The problem:
Omit the pictures and output exactly the lines from the start of the entries through the line containing "This Balisong by".

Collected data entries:
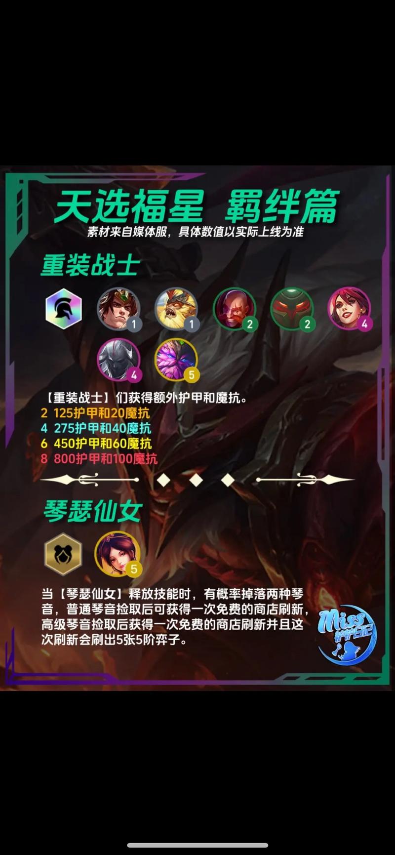 〖Three〗、总而言之,金铲铲之战龙羁绊效果是龙获得200魔法抗性,龙英雄有龙女、龙王、潘森3名。这是非常强的一个羁绊,相当于自带龙牙。
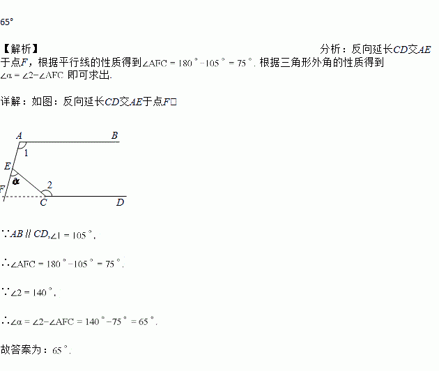 如图, l1∥l2,∠1 = 105°,∠2 = 140°,则∠α = _____________.
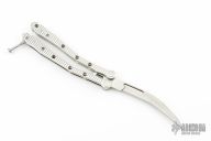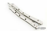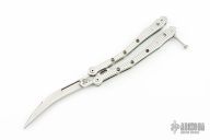 This Balisong by Rob Dalton features a polished hawkbill blade. The handle has machined titanium over steel standoffs. Steel T latch on handle. Excellent Condition.
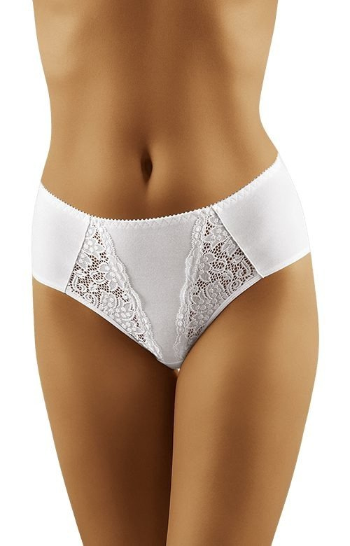 Majtki Wolbar Eco Li charakteryzuje lekko podwyższony stan. Ich dodatkowym atutem są trójkątne wstawki z haftem na przodzie, które optycznie wyszczuplają bardziej wymagające sylwetki. Figi Eco Li występują w klasycznych kolorach białym i czarnym w rozmiarach od M do XXL. Skład materiału: Bawełna (Cotton) - 90%, Elastan (Poliuretan) - 7%, Poliamid - 3%.
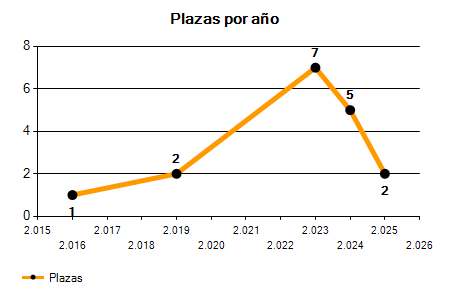 En los siguientes gráficos se puede ver la evolución del número de convocatorias y plazas convocadas para la profesión de Monitor y Animador Deportivo en Teruel de los últimos años pudiéndose observar una caída del 66,67% desde el año 2016 hasta el 2025 en número de convocatorias y un crecimiento del 100,00% en número de plazas convocadas.
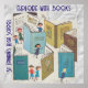 Retro EXPLORE WITH BOOKS images on paper background. Editable text. Great for a school or college library.
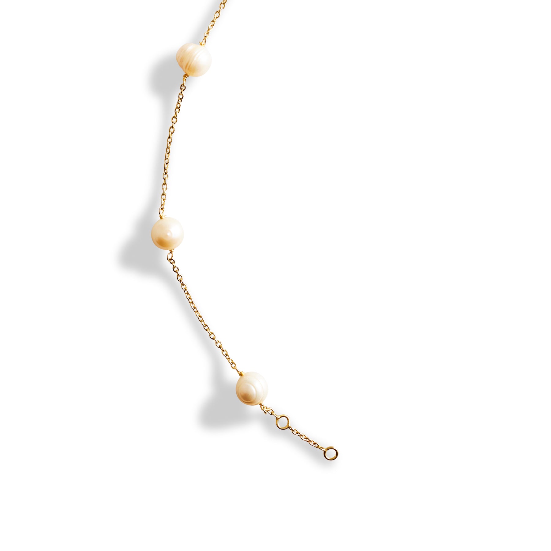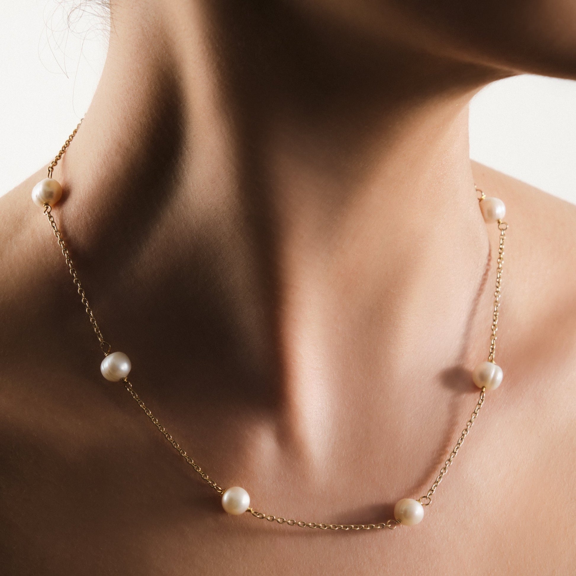 Handcrafted from 14 karat gold with eight 9.9 mm pearls; Pearl Necklace is 47 cm cable chain and weighs 5.80 grams.
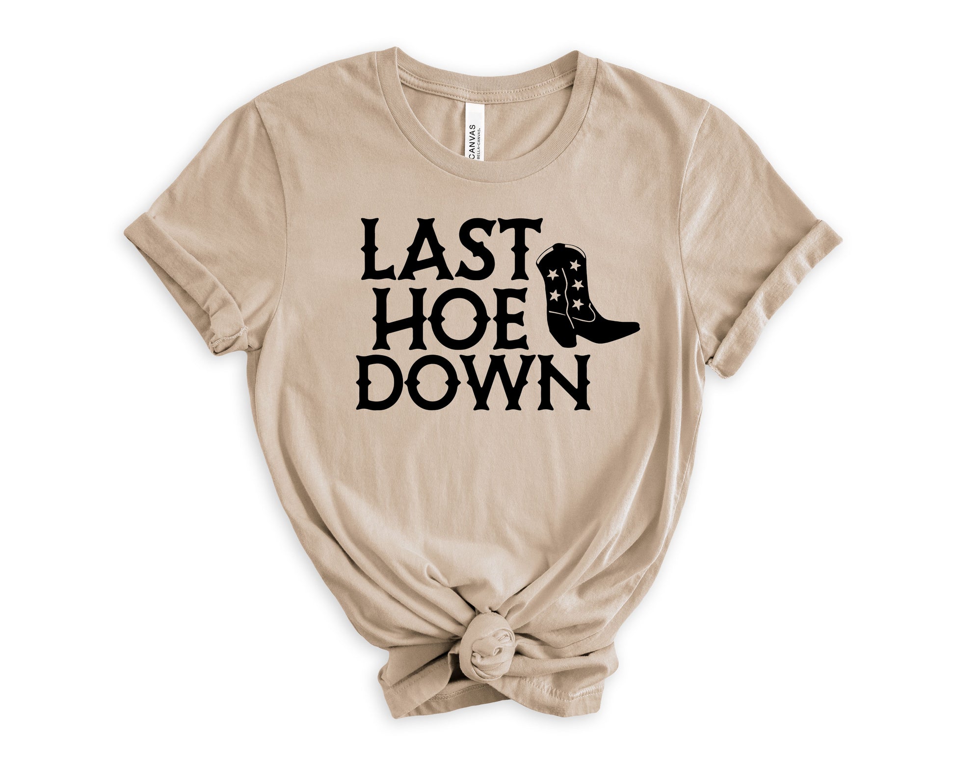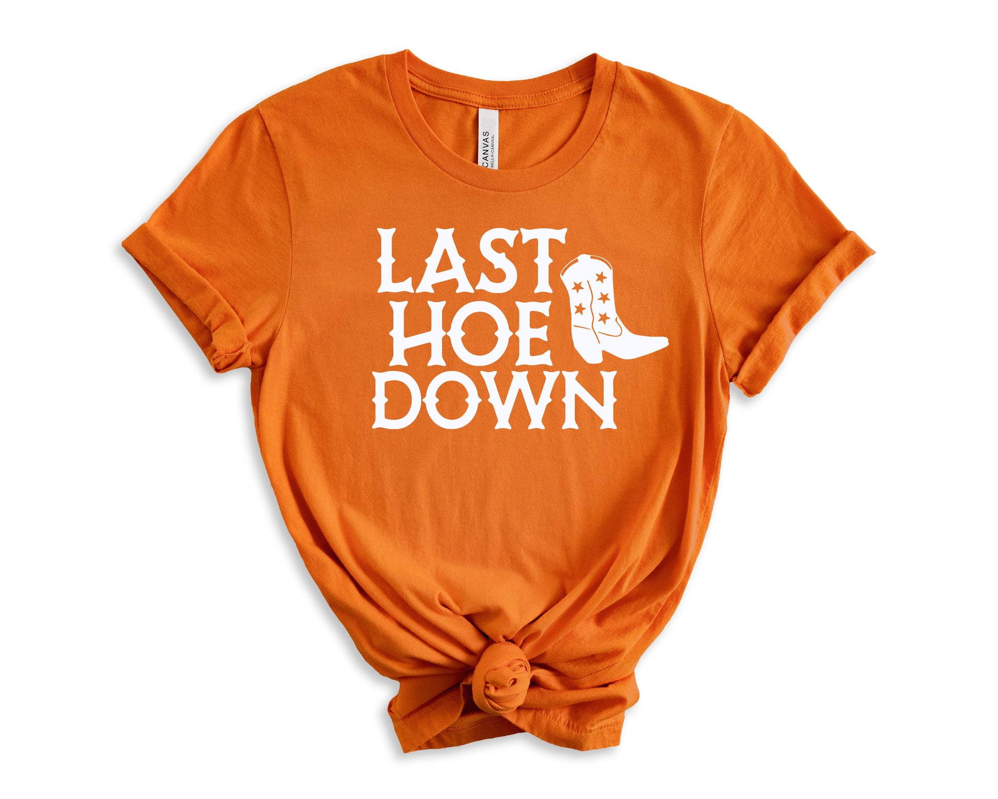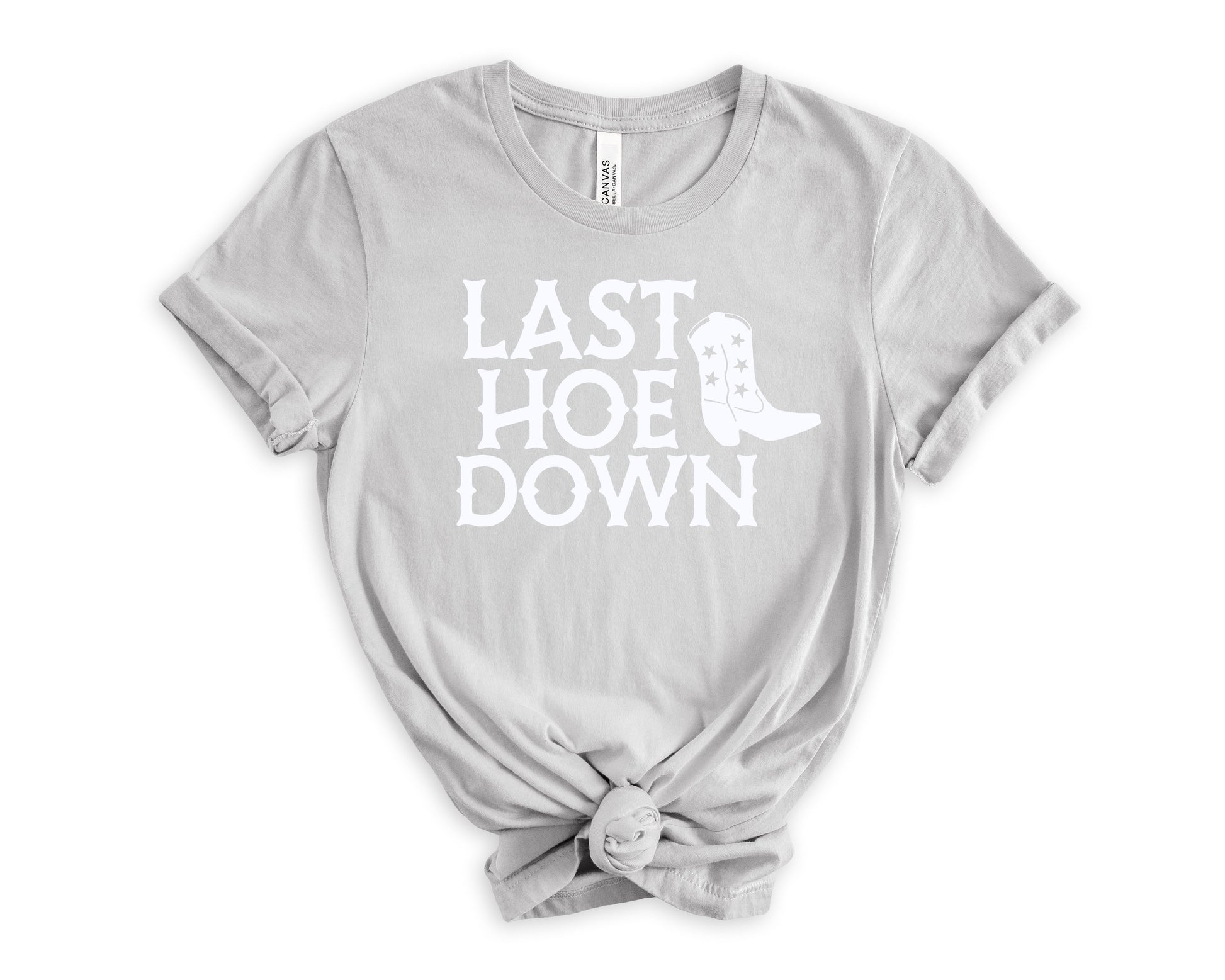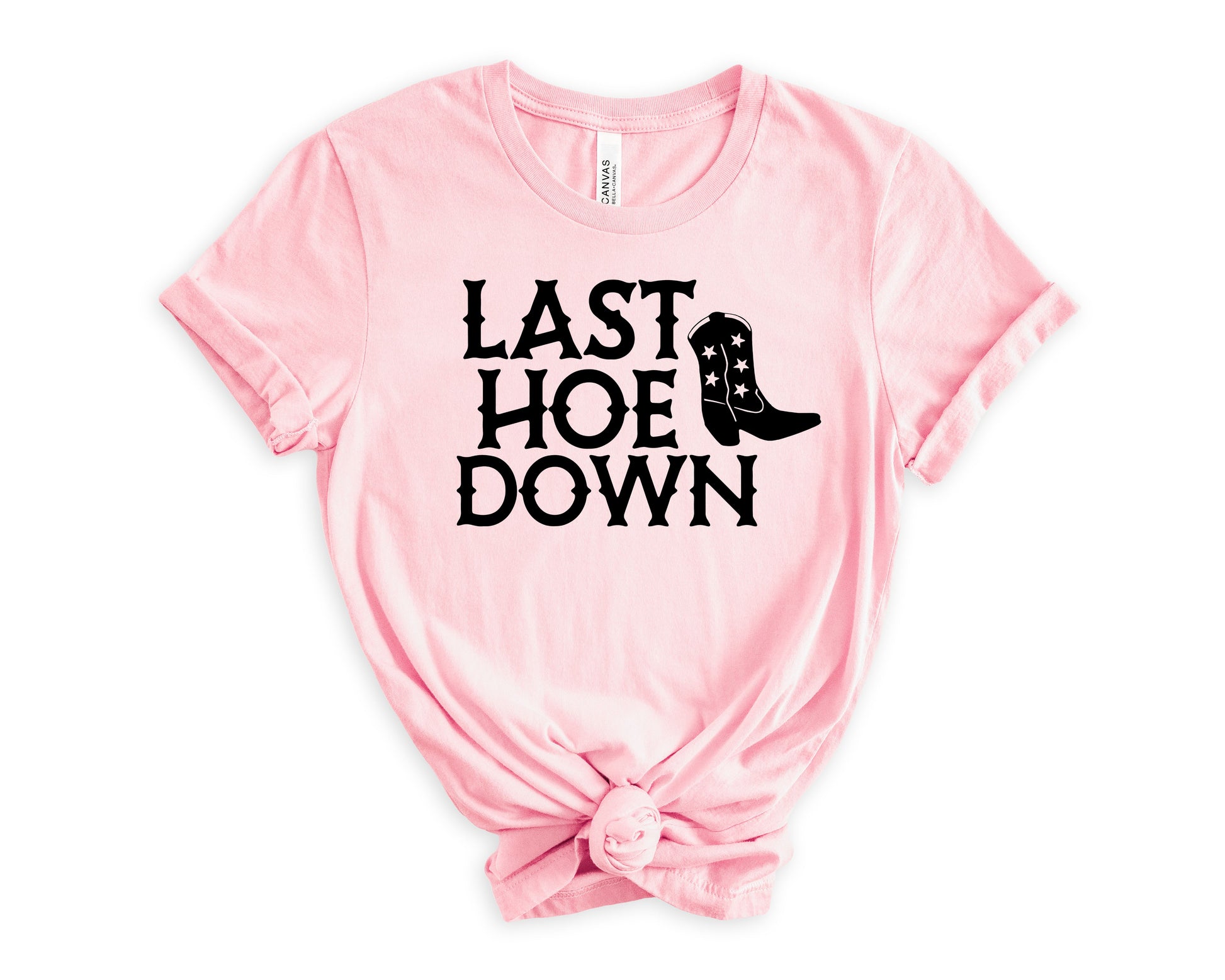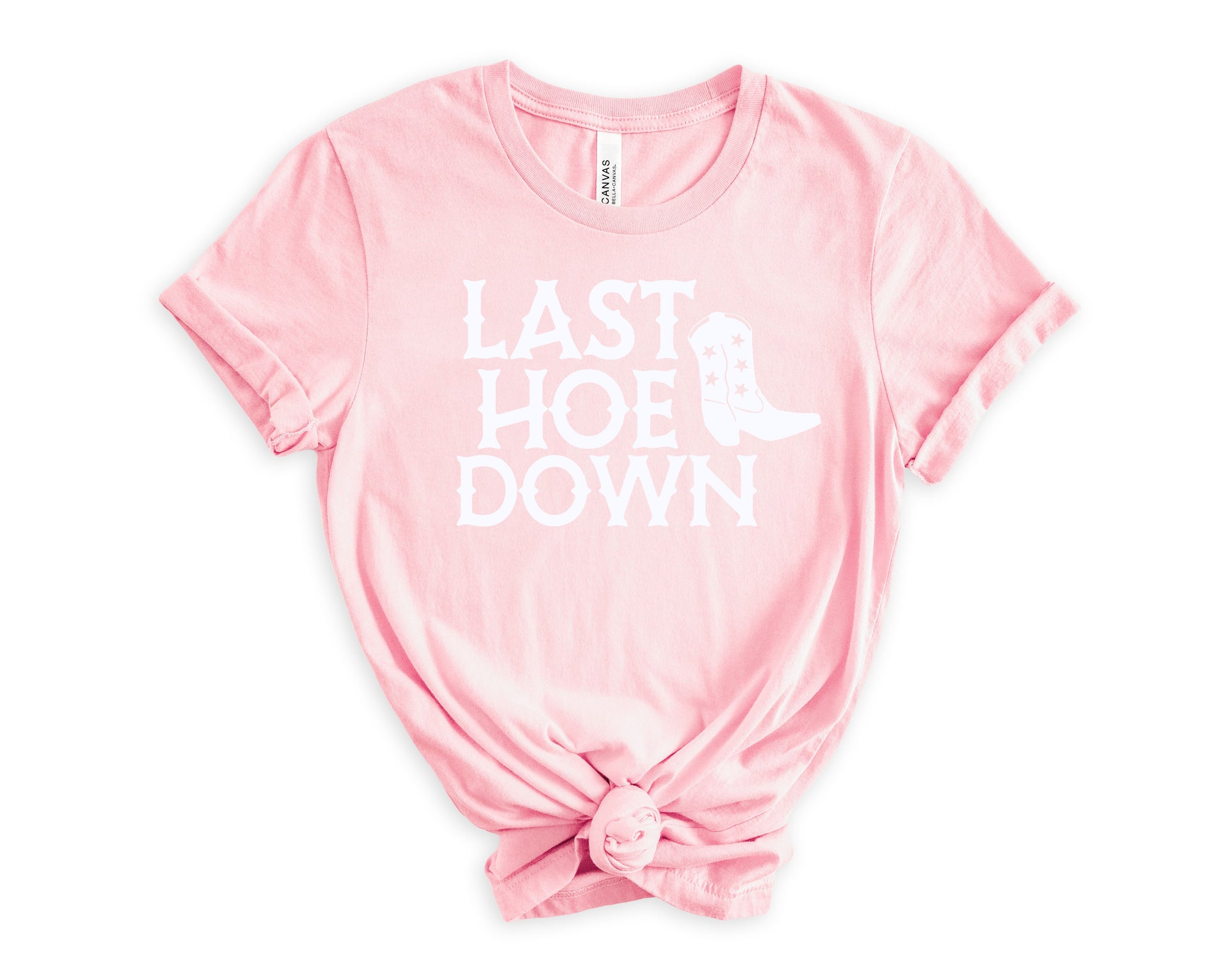 This Last Hoe Down T-Shirt is the perfect match for a bride's gals to wear at her bachelorette party. Featuring a bold worded design and cowgirl boot, this t-shirt is sure to stand out in the crowd. The perfect way to show off your style, and ensure your bride's last hoe down is one to remember.

Answer to this problem:
 〖Three〗、总而言之,金铲铲之战龙羁绊效果是龙获得200魔法抗性,龙英雄有龙女、龙王、潘森3名。这是非常强的一个羁绊,相当于自带龙牙。
 如图, l1∥l2,∠1 = 105°,∠2 = 140°,则∠α = _____________.
 This Balisong by Rob Dalton features a polished hawkbill blade. The handle has machined titanium over steel standoffs. Steel T latch on handle. Excellent Condition.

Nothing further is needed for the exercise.